→ Prompt
Write out the lines of the material below exactly, beginning at the line with "FABRIC & WORK" and stopping after the line with "Credit card payment", and leave out the pictures.

------ Collected material

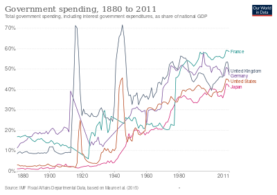 The World War I caused a global growth of the public expenditure share in GDP. In United Kingdom, Germany, Italy and France, which were affected a lot by the war, the share of public expenditure even exceeded 25 percent. In interwar period the average share of the public expenditure was still slightly increasing. The United States increased its public expenditure with the New Deal. Other governments also increased public expenditure to create more employment. The increase was accelerated by World War II anticipation in the second part of the 30s among European countries. In 1937 the amount of average public expenditure share was between 22 and 23 percent, twice as much as before World War I. However, it is fair to mention that part of this increase of public expenditure share was caused by GDP fall. Most of industrialized countries had its GDP over 15 percent before the World War II. Only Australia, Norway and Spain had less than 15 percent of GDP.[5]
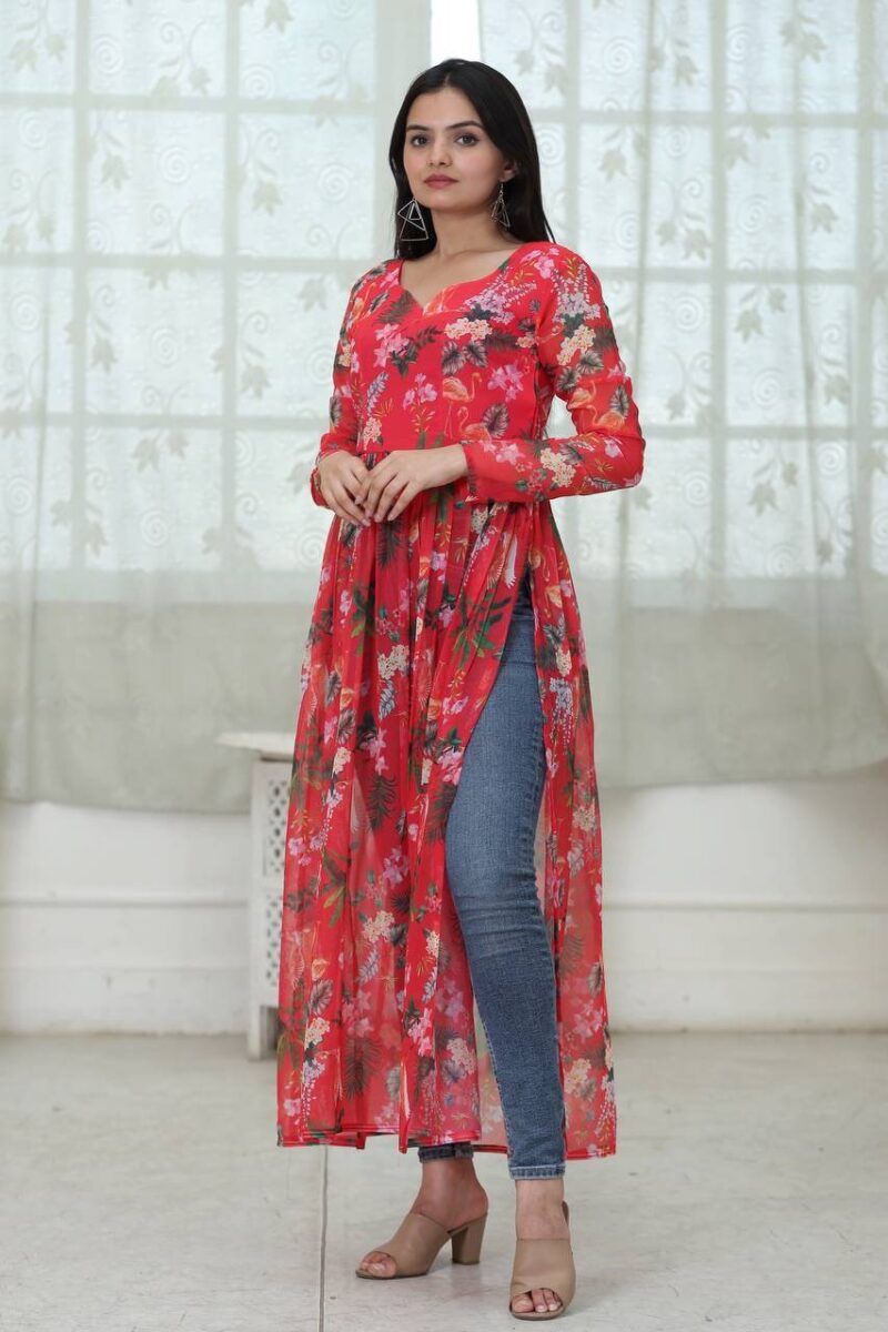 FABRIC & WORK :- Fox Georgette with Floral Degital print.
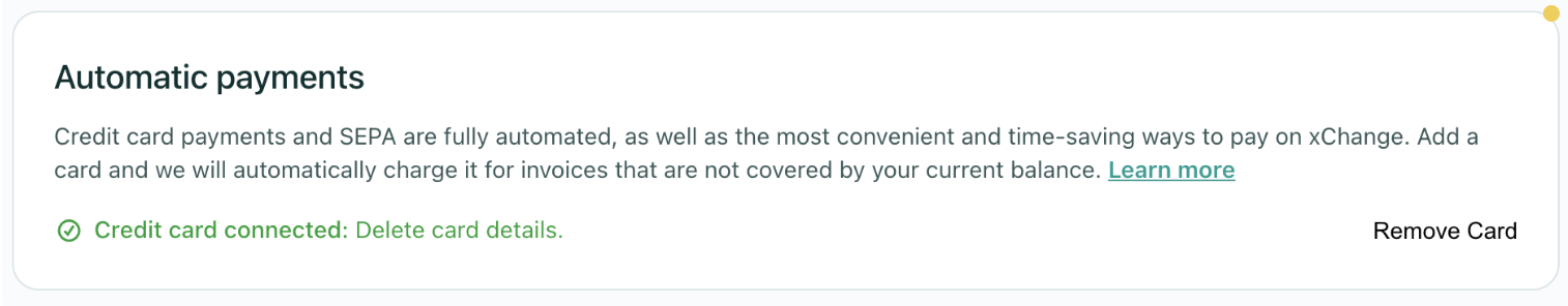 Credit card payment is the easiest and most convenient way to pay invoices on xChange. To add your credit card, go to the xChange Wallet by opening the menu on the left side of the page.
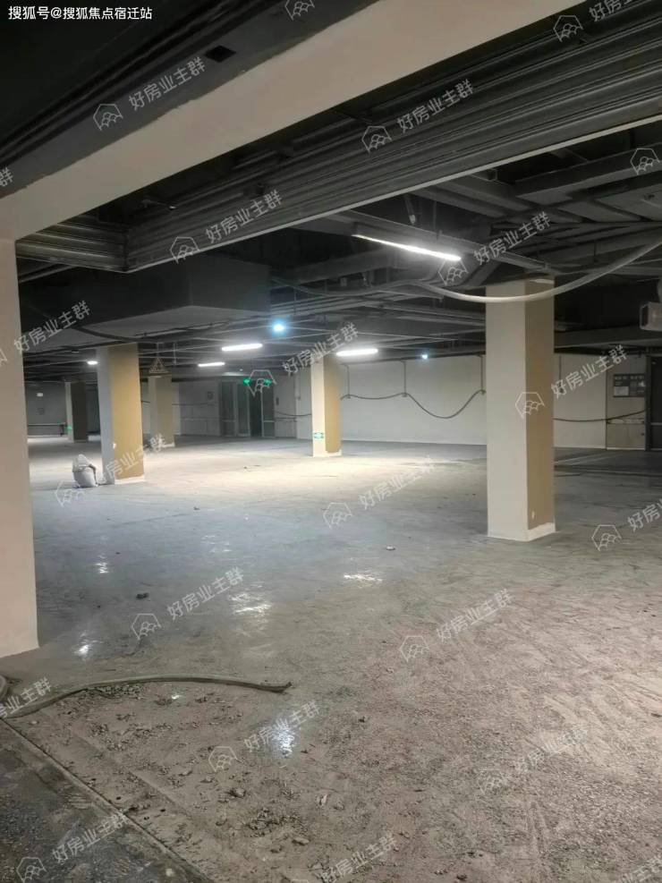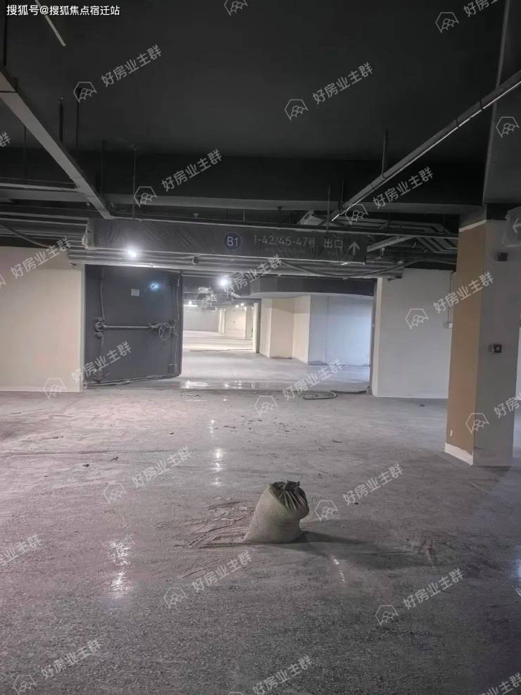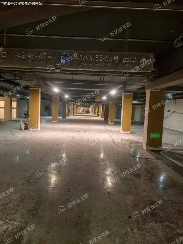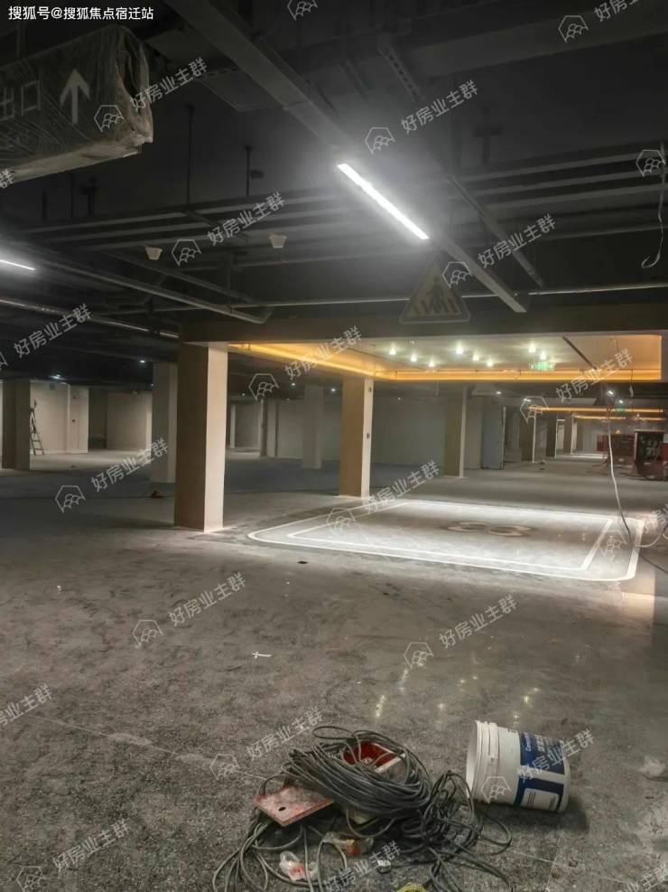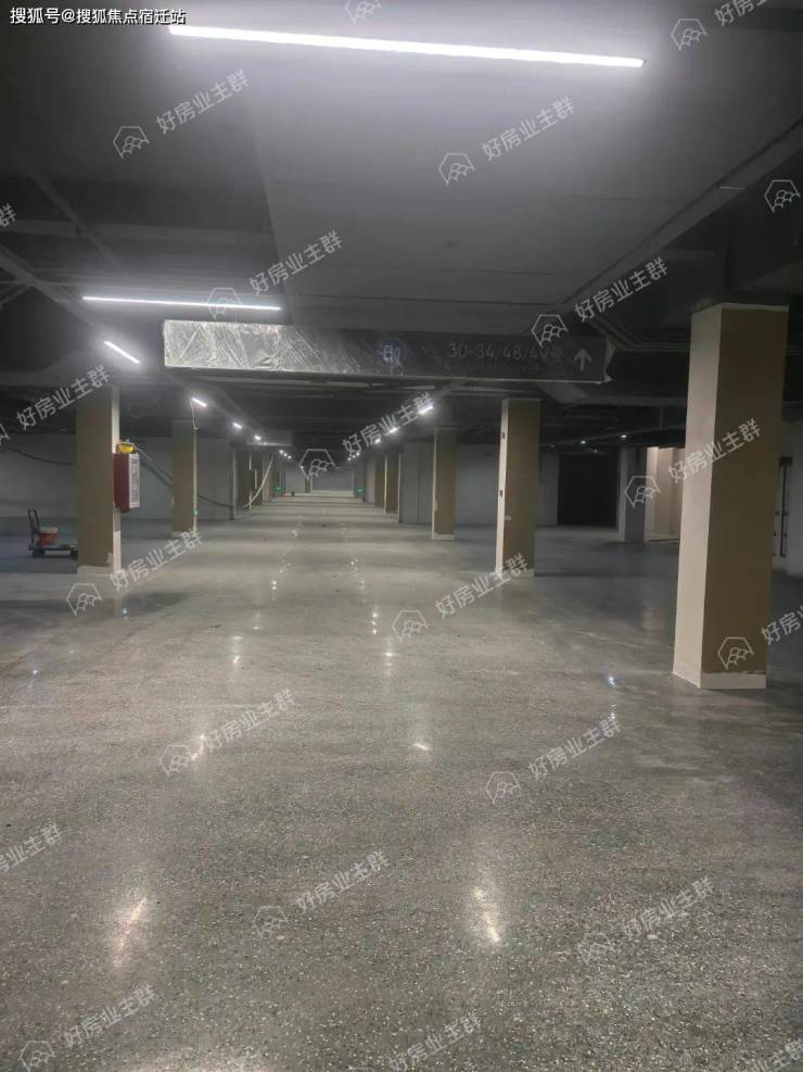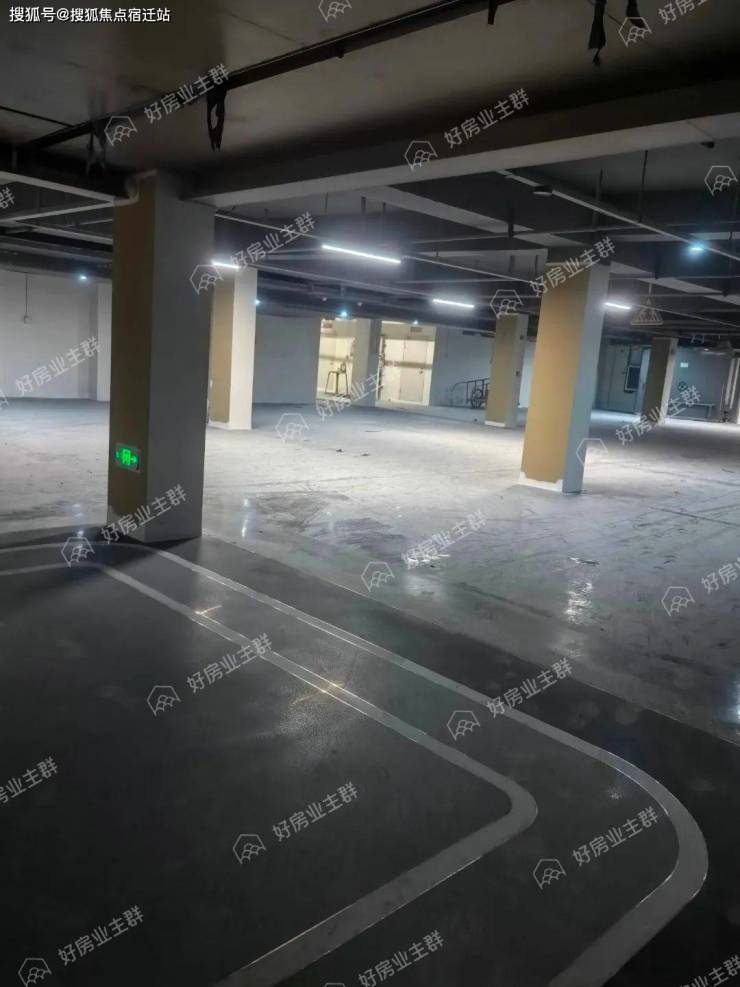 地下车库内部,地面环氧地坪漆施工已经完成,墙面已多次批白,墙面标识已粉刷施工完毕,车位已完成划分,行车车道方向指引喷漆还未完成;

------------

→ Answer
 FABRIC & WORK :- Fox Georgette with Floral Degital print.
 Credit card payment is the easiest and most convenient way to pay invoices on xChange. To add your credit card, go to the xChange Wallet by opening the menu on the left side of the page.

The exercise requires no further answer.